January 6, 2022

2021 Year in Review & 2022 Trends to Watch: Pharmaceutical Patents

In 2021, the Canadian pharmaceutical and life sciences industries were once again at the forefront of innovation, developing and commercializing new vaccines, drugs, and medical devices. The media continued to shine a light on the advances made to protect the public from COVID-19, including regulatory approvals for new mRNA and adenovirus vector vaccines. In the pharmaceutical patent litigation arena in particular, we saw some new trends develop. There were important developments in proceedings relating to pharmaceutical patents, advances in cases and legislative developments relating to the Patented Medicine Prices Review Board (“PMPRB”) as well as judicial review applications and appeals in patent-related fields.

In this blog, we recap the top developments in the pharmaceutical patent space in Canada from 2021 and identify trends to watch for in 2022.


One of the biggest trends in 2021 was the focus on drug prices in Canada and the PMPRB. Not only were there important developments before the courts relating to excessive pricing and challenges to amendments to the PMPRB Regulations and PMPRB Guidelines, but there were also updates to legislative changes.
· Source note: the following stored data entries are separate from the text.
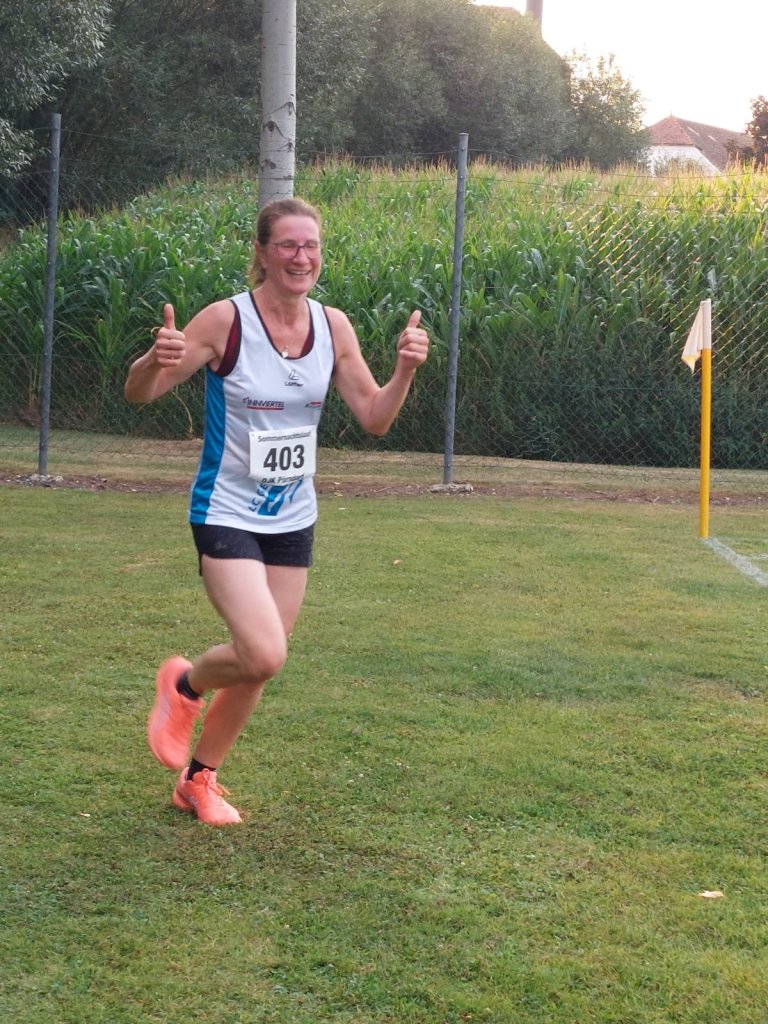 Die Wolken am Himmel ließen Regen oder Unwetter vermuten, doch es blieb trocken, ohne Unwetter. Um 19.00uhr wurde der 7350m Hauptlauf gestartet, eine markierte Kiesstrecke vorbei an Feldern und Höfen vom Sportplatz ausgehend.
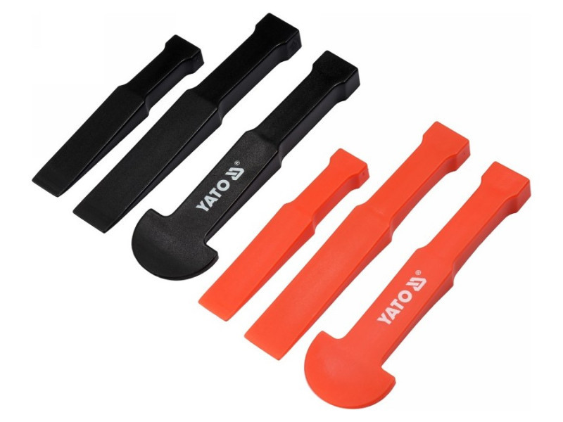 Egy műanyag vágókészlet, amely panelek, ragasztott elemek stb. szétszerelésére készült. Lehetővé teszik az elemek szétválasztását a károsodás lehetőségének minimálisra csökkentésével. Lapos és kerek pengék profiljai, méretek: 127 x 22,2 x 12,7 mm, 175 x 12,7 x 41,25 mm, 175 x 50 x 41,25 mm. A vágók könnyű kalapáláshoz vannak igazítva. Panelek, ragasztott elemek, autó- és bútor-kárpitok stb. szétszerelésére tervezték. Használati figyelmeztetések: Figyelem! Mindig használjon személyes védőfelszerelést a munka során.
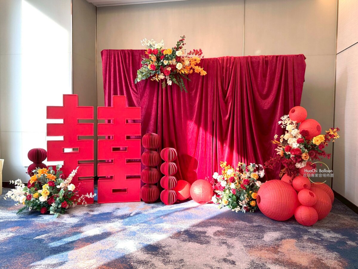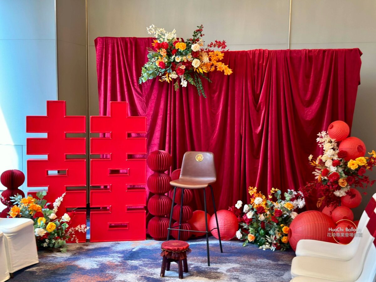 紅色奉茶區選用立體喜字、復古紅球與紅絨背景牆,搭配大膽撞色花藝,呈現熱鬧喜氣又吸睛的迎賓氛圍。
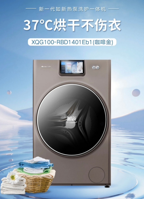 在这场产业变革中,格力凭借空调领域的技术积累,推动洗衣机行业价值重塑。格力近年推出的如初、如新、如悦系列热泵洗护机,突破传统烘干技术瓶颈,以“37℃体感柔烘”重新定义衣物烘干标准,开辟高端洗护新领域。
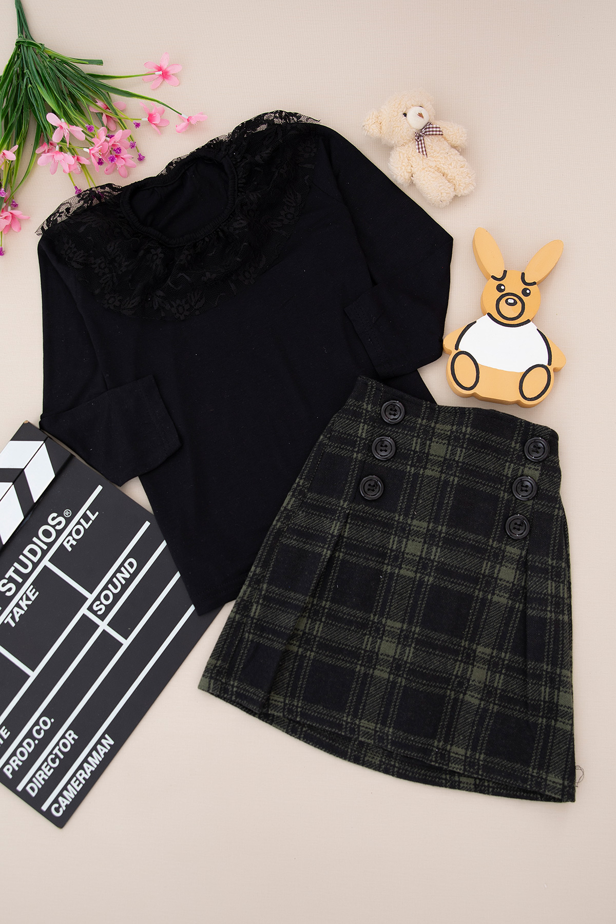Kız Çocuk Düğmeli Etekli Takım (3-10 Yaş)
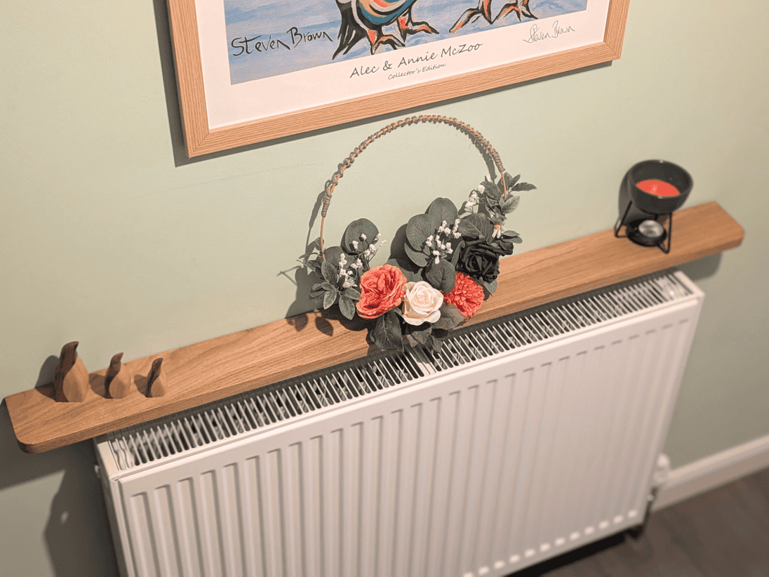 Despite being made from Kiln dried Oak with a low moisture content, all wooden products are prone to warping from temperature and humidity swings. To ensure this doesn’t result in warping of your shelf, lower the radiator temperature and slowly build this up over a couple of weeks to allow the shelf to acclimatise to the heat coming from the radiator.
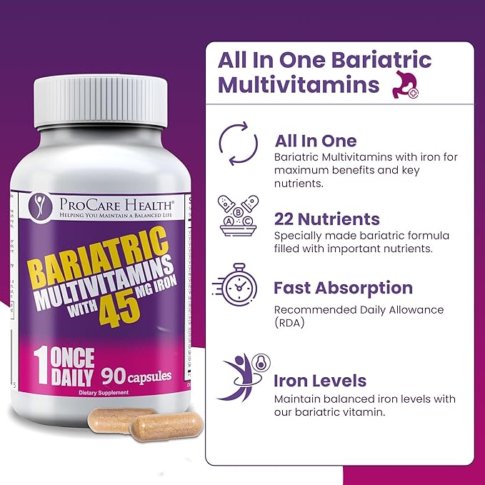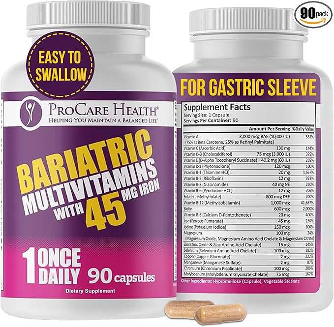 - Budget-Friendly Nutritional Support: Get both health and savings with ProCare Health's bariatric multivitamin. Each bottle offers a three-month supply and gastric vitamins is packed with 45mg of iron, making bariatric must haves an affordable choice without compromising on quality.

Alexion Pharmaceuticals Inc v Canada (Attorney General), 2021 FCA 157

In July 2021, the Federal Court of Appeal (“FCA”) held that the PMPRB’s decision regarding the alleged excessive pricing of the drug SOLARIS was unreasonable. The FCA reversed the finding of the Federal Court and granted Alexion’s application for judicial review. The FCA held that the PMPRB’s mandate is to control patent abuse, not regulate reasonable pricing. The FCA remitted the matter back to the PMPRB for redetermination. Alexion was awarded its costs on the appeal and below. On September 29, 2021, the Attorney General of Canada sought leave to appeal to the Supreme Court of Canada. Whether the SCC will grant leave is something to watch for in 2022.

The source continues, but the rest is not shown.